Et la porte se ferme.

* * *

“Waou”, pense-t-on. Cela n’arrive pas chaque jour. Et on reste dans le silence d’une chambre d’hôtel vide et chère, à sourir en fronçant les sourcils. Et on doit penser à Craig Nicholls, et on essaye de trouver un mot pour décrire son attitude. A-t-il été grossier ? Eh bien, ouais, d’une façon très aléatoire. A-t-il été offensif ? Non, en fait, il n’a pas réussi à atteindre le niveau. A-t-il été arrogant ? Pas une chance, le besoin puéril de choquer a annulé une telle singularité. Alors comment a-t-il été ? Dans les deux sens du mot, je pense, on dirait que Craig Nicholls a été ignorant [en anglais, ce mot veut à la fois dire quelqu’un qui ne sait pas et quelq’un qui a de mauvaises manières – NdlT].

Et cela n’importe pas vraiment. Cela n’importe pas qu’il ne m’a pas aimé, qu’il n’ai pas aimé notre directrice artistique, notre photographe, notre magazine et – si on veut pousser le bouchon – vous pour l’avoir acheté et lu. Attendre de lui qu’il soit différent serait comme attendre d’une chat qu’il mette sa patte devant sa gueule lorsqu’il bâille. Mais on se demande réellement l’intérêt de cela.
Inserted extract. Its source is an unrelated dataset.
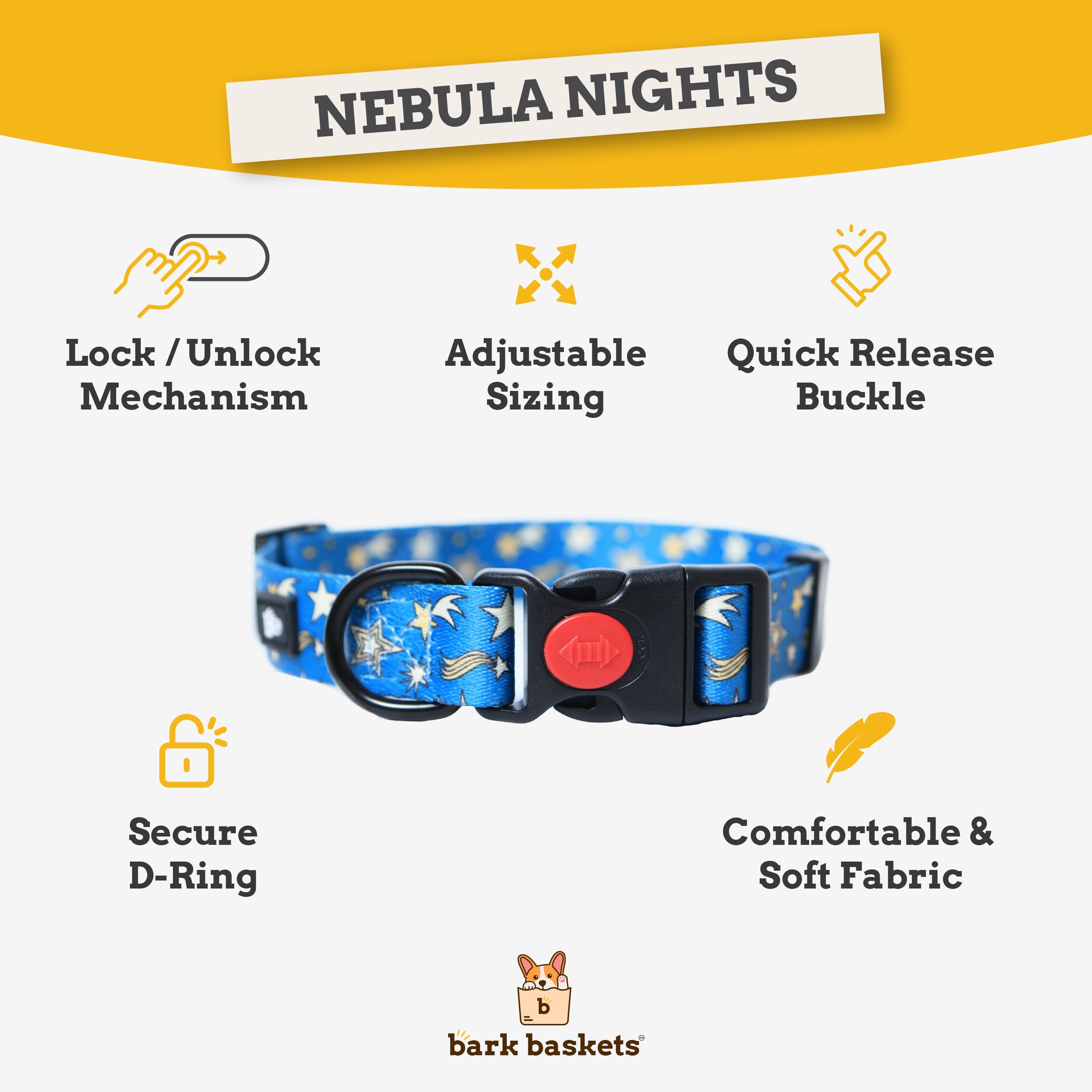 Explore the universe one walk at a time! Unleash stellar style with the Nebula Nights Dog Collar—a celestial-inspired accessory made for dogs who love to stand out. Adorned with twinkling stars and cosmic patterns, this collar brings a touch of the universe to every walk.

Kurt Cobain, parfois, sonnait comme un vrai emmerdeur fini en interviews. Mais Kurt Cobain était un vrai génie qui a changé le monde et la musique, et Craig Nicholls est juste un gars dans un groupe qui a en fait moins vendu que des gens comme Disturbed et Crazy Town. Et si on ne veutvraiment pas faire le singe dansant des médias, on peut toujours prendre la route que des musiciens d’inspiration qui détestent l’industrie comme Ian MacKaye et Fat Mike ont pris, c’est à dire choisir soigneusement ses interviews et avoir quelque chose à dire. Craig Nicholls n’a rien du tout à dire, il sort simplement des mots d’une manière vague, hasardeuses et saisissante. Et après un premier album prometteur, The Vines commencent à sonner comme cela, Craig Nicholls semble s’en foutre, tout comme The Vines sur scène à l’Academy, lui enveloppé dans n’importe quoi, son public tremblant d’ennui. Craig Nicholls chante et on se demande l’intérêt ; Craig Nicholls chante et on se demande l’intérêt.

Parce qu’une demi-heure en sa compagnie, c’est voir un mec de petite importance, éphémère et peu convaincant. Pas vraiment un problème, juste une perte de temps.

LE NOUVEAU SINGLE RIDE SORT LE 8 MARS VIA EMI.